Recorded data —
* * *

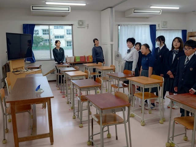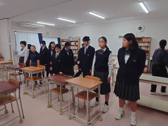 仮校舎での初めての合唱練習。大きく美しい声が、響き渡っています。
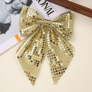 新款方格亮片双层蝴蝶结大号飘带发夹跨境发饰批发后脑勺弹簧夹
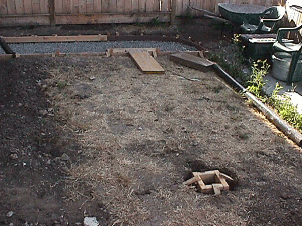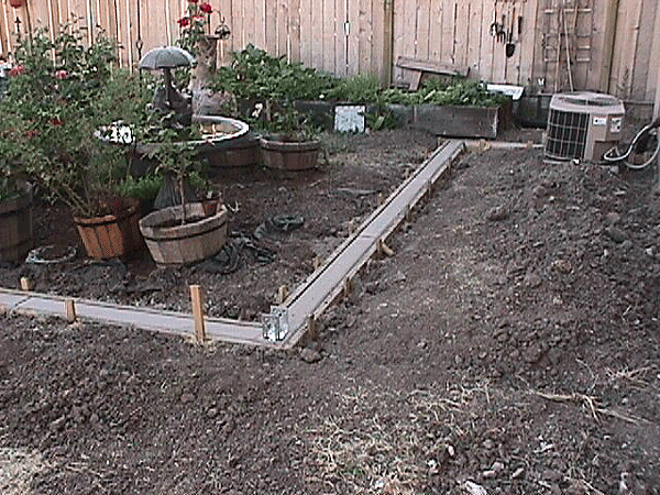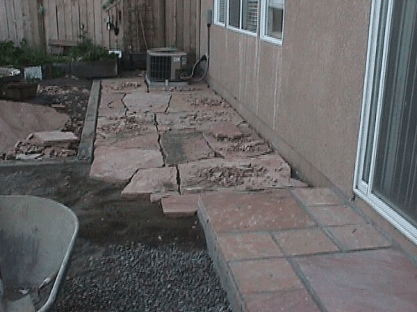 Before the sidewalk. New sidewalk. Sidewalk in front. Nothin' but dirt! Getting ready for the patio. Framing the patio. Still preparing! Ready for flagstone. Square flagstone for the step. Layout for the stone on the step. New step. Looking good!
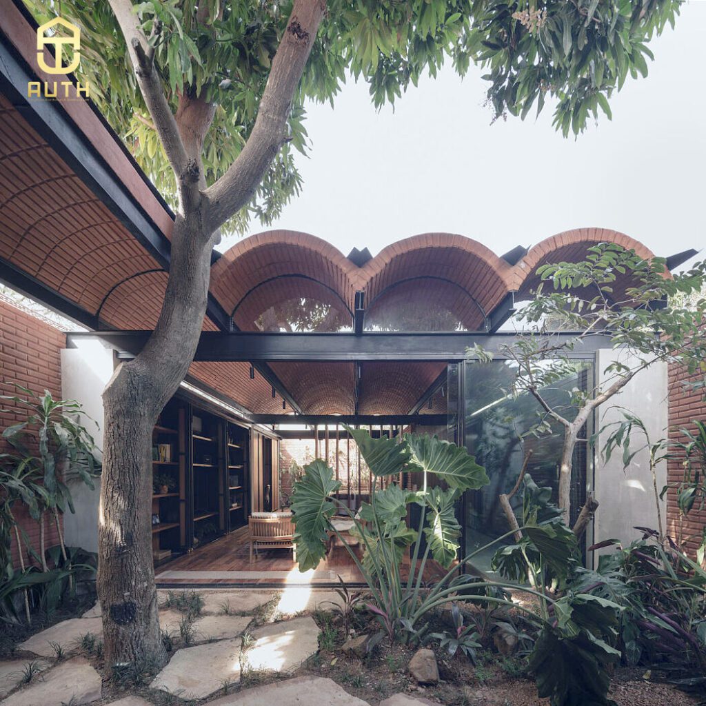 Căn nhà Bungalow mái gạch có diện tích 65 m2 do nhóm kiến trúc sư Auth Corporation thiết kế với những đường vòng cung uốn

* * *

Action item — Print the listing word for word but skip its pictures.

Solution to the exercise —
 仮校舎での初めての合唱練習。大きく美しい声が、響き渡っています。
 新款方格亮片双层蝴蝶结大号飘带发夹跨境发饰批发后脑勺弹簧夹
 Before the sidewalk. New sidewalk. Sidewalk in front. Nothin' but dirt! Getting ready for the patio. Framing the patio. Still preparing! Ready for flagstone. Square flagstone for the step. Layout for the stone on the step. New step. Looking good!
 Căn nhà Bungalow mái gạch có diện tích 65 m2 do nhóm kiến trúc sư Auth Corporation thiết kế với những đường vòng cung uốn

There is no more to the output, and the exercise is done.